Steel & aluminium tariffs have been an important focus for Trump throughout even though they affect a little less than $50bn of imports. They were the first real shot in the 2018 trade war and ultimately proved to be a microcosm of US trade policy under Trump–bigger than expected, frequently delayed and adjusted to exempt some of the larger impacts. But ultimately implemented eventually.

Steel/aluminium only small part of broader critical imports category: Alec Phillips baseline trade outlook now also incorporates a 10% increase in tariff rates on $609bn of US critical imports from all trade partners (70% probability).

Based on recent comments from President Trump, Goldman anticipates that oil, pharmaceuticals, and semiconductors and other electrical equipment will account for the bulk of these critical goods (

Countries impacted: Critical goods tariffs would have a broad global impact under our assumed product list. They would likely affect $139bn of US imports from Canada (mostly oil), $142bn from the Euro Area (mostly pharmaceuticals), and $141bn from Asia (mostly semiconductors and other electrical equipment).
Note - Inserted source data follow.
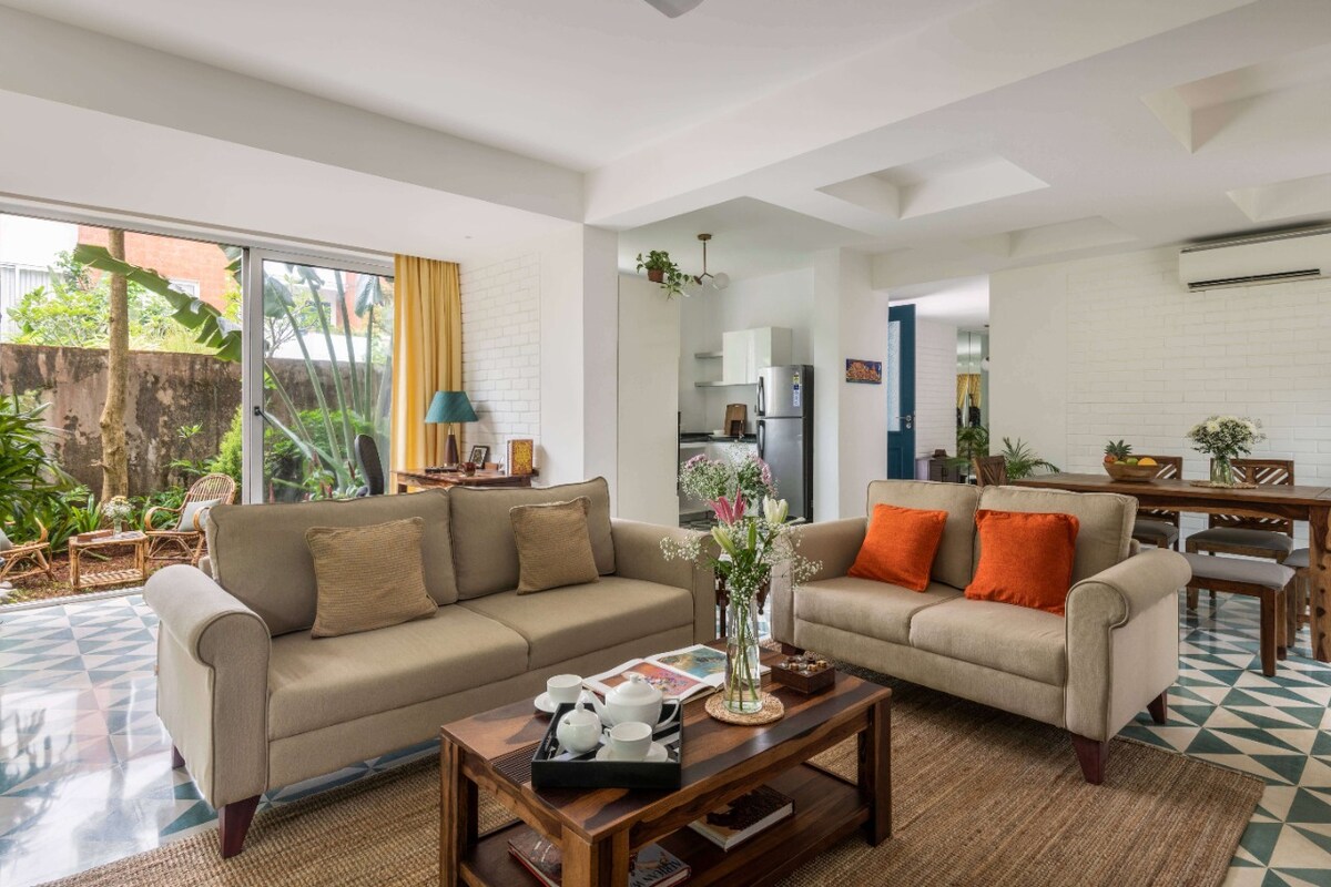 Certificado por Goa Tourism Apartamento con aire acondicionado de 950 pies cuadrados: 2 dormitorios, 2 baños, TV/sala de estar, cocina abierta; lavandería + Espacio de 500 pies cuadrados sin aire acondicionado: comedor para 4 personas; solárium; patio sombreado; balcón al aire libre. Internet de 300 mbps; 4-5 horas de energía de respaldo; Smart TV de 50"; libros; juegos de mesa; estación de trabajo y aparcamiento cubierto Ubicado en Porvorim: 15 minutos de Panaji/Mapusa; 25 minutos de Calangute/Baga; 30 minutos de Anjuna/Vagator; 45-60 minutos Ashvem/Mandrem/Arambol; 60-75 minutos en las playas del sur de Goa; 120 minutos de Palolem
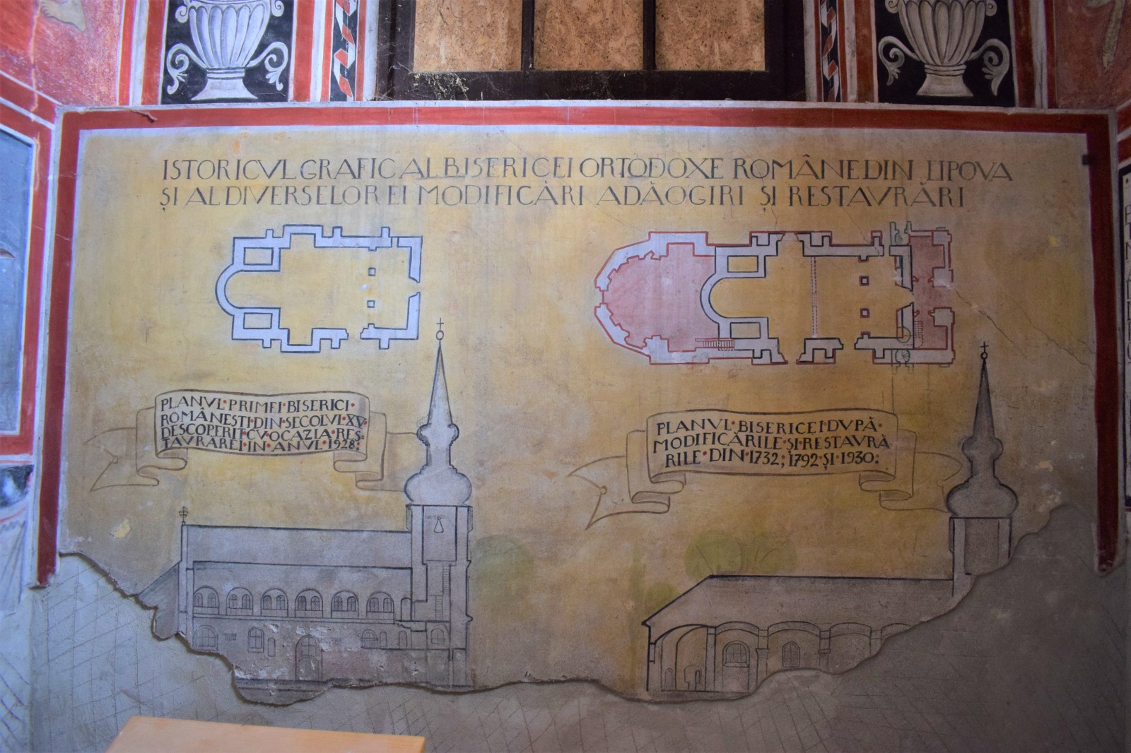 În vara lui 1928, preotul Manuilă din Lipova trimite o scrisoare Comisiunii. „Renovarea bisericei ort. Românești din Lipova în baza devizelor aprobate de consiliul eparhial ortodox român din Arad s-a început cu observarea oficială a celor dispuse de onorata Comisiune. Pictorul angajat, conformându-se, a aflat (în sensul de găsit – n.r.) sub stratul de var pictură foarte prețioasă. Scoaterea în relief a picturei a recamat și spargerea unor păreți, precum și deteriorarea unor galerii deasupra ușilor de la naia (naosul – n.r.) bisericii cu scaune pentru bărbați, reconstruirea cărora nu se cuprinde în devizul lucrărilor.
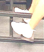 This exercise is used for primarily for skating skills that utilize foot/ankle flexion such as gliding, stopping, control skating etc. The muscles on the front of the leg provide stability during execution. On tight turn skills, this muscle is the primary mover on the punch in. Extend and flex as shown. Hold at top of position for 1 second. This exercise can be perform standing as in (3) but more sport specific when knees flexed. |
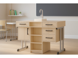 Центральное рабочее место для преподавателя включает стол с полками для хранения материалов и просторное место для работы с ноутбуком.
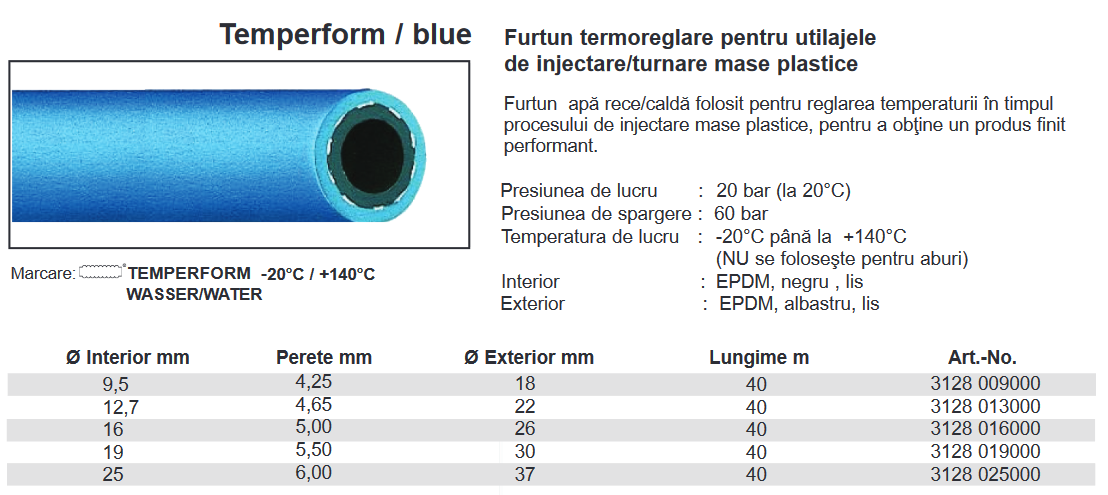 Furtun EPDM apă rece/caldă , 20 Bar
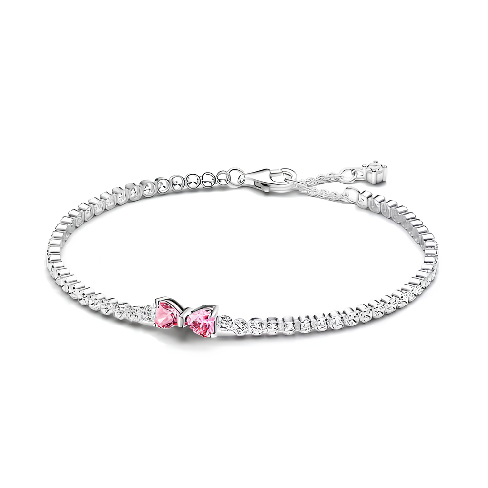 Dieses feine Armband verzaubert mit zwei herzförmigen Kristallen, die sich zu einem zarten Schmetterling formen – ein Symbol für Freiheit, Neuanfang und Schönheit im Wandel.

Canada is again most exposed as a share of GDP (6.5%), although Malaysia (3.2%), Switzerland (2.0%), Mexico (1.9%), and Hungary (1.9%) would also face export headwinds from these tariffs.
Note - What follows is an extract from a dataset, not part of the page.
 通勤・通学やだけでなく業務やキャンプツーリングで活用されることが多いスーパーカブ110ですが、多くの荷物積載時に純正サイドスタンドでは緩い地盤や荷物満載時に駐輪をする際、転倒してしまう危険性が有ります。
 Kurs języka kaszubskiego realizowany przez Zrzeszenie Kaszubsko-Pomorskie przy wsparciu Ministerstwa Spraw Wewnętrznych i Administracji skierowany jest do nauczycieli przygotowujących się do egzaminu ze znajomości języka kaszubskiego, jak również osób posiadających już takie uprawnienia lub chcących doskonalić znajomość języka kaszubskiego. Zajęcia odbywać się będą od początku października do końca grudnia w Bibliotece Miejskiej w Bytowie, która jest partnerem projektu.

On Reciprocal Tariffs – Who’s at Risk?

See below for helpful chart published back in 2018 by Goldman. It shows that EMs are more exposed to reciprocal tariff risk (given the broad trend to lower tariffs in DM). Thailand, India and Brazil are most at risk given the effective tariff spread against the US. However, Trump has also flagged on several occasions the wedge between European and US auto tariffs (10% and 2.5% respectively).

Karen Fishman (FX Strategy): 

To assess this risk, we gather data on tariff rates for major US trade partners which are not members in a US free-trade agreement (FTA).The underlying data are so-called “most favored nation” rates—the rates charged to WTO members other than FTA partners—on over 5,000 individual products.[2] We then collect bilateral US exports and imports on these same products. Finally, we calculate effective bilateral tariff rates on US exports—trading partner tariff rates weighted by US export volumes to those markets—and US imports—US tariff rates weighted by US import volumes from those markets. Chart below shows our results with full note here.
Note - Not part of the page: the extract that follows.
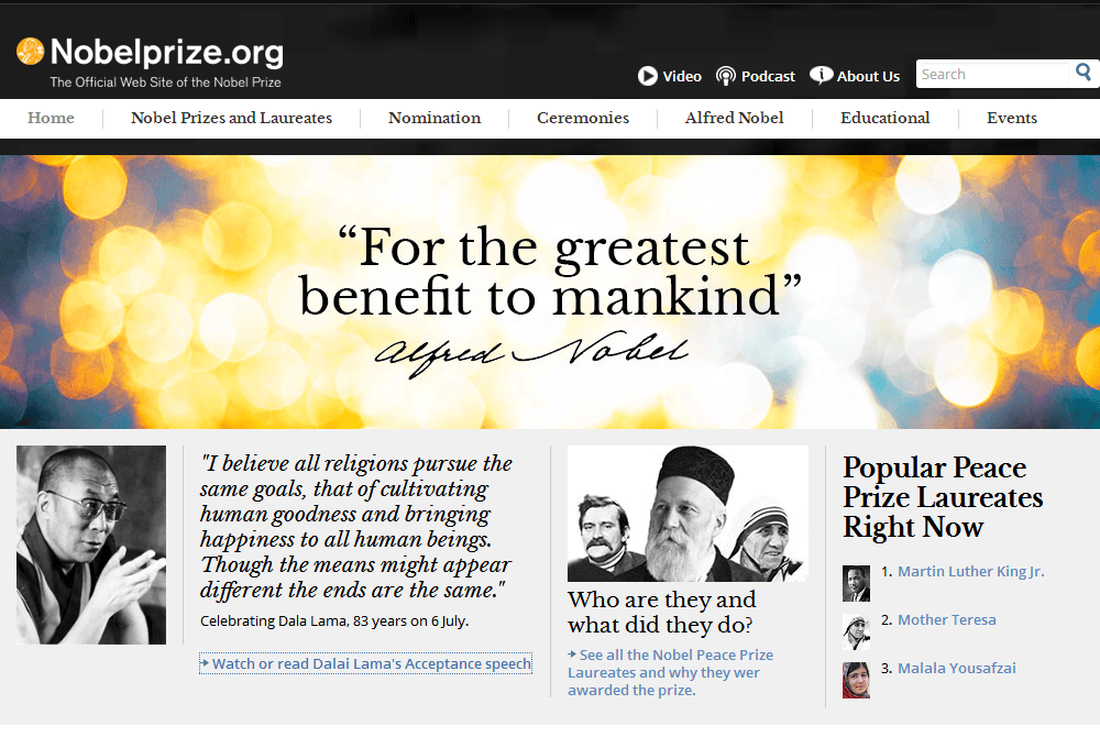 2018年7月6日[4],瑞典人在諾貝爾獎官網為達賴喇嘛慶生

Goldman economists have previously flagged that a systematic attempt to fully align tariff rates would require congressional approval. However, there is always chance decides to use a framework of ‘unequal’ tariffs to unilaterally raise tariffs on certain countries under IEEPA.

Finally, here are some key quotes from Goldman thought leaders on Adam Crook’s Weekend Email (here), with many
highlighting the potential shift towards EU.

Alec Phillips (Chief US Political Economist): 

Trump has as pretty clearly signaled that he is focused on the EU…. And I think if you had to pick one country or trading bloc that is next in line, you would point to the EU as that one….. We have been assuming auto tariffs on the EU in our base case but obviously, if the President is saying that something is definitely going to happen with regard to the EU, auto tariffs are probably the minimum….  and it’s certainly possible that we end up seeing an EU focused tariff across the board…  similar to what they’ve done with Canada and Mexico….  It’s also possible that we end up seeing that critical imports tariff… if you look at the source of those imports outside of Canada, Mexico and China, most of it is coming from the EU….  One way or another, it looks like the EU is going to be a focus… at a minimum auto tariffs…  but obviously the risks are increasing around some of those other things…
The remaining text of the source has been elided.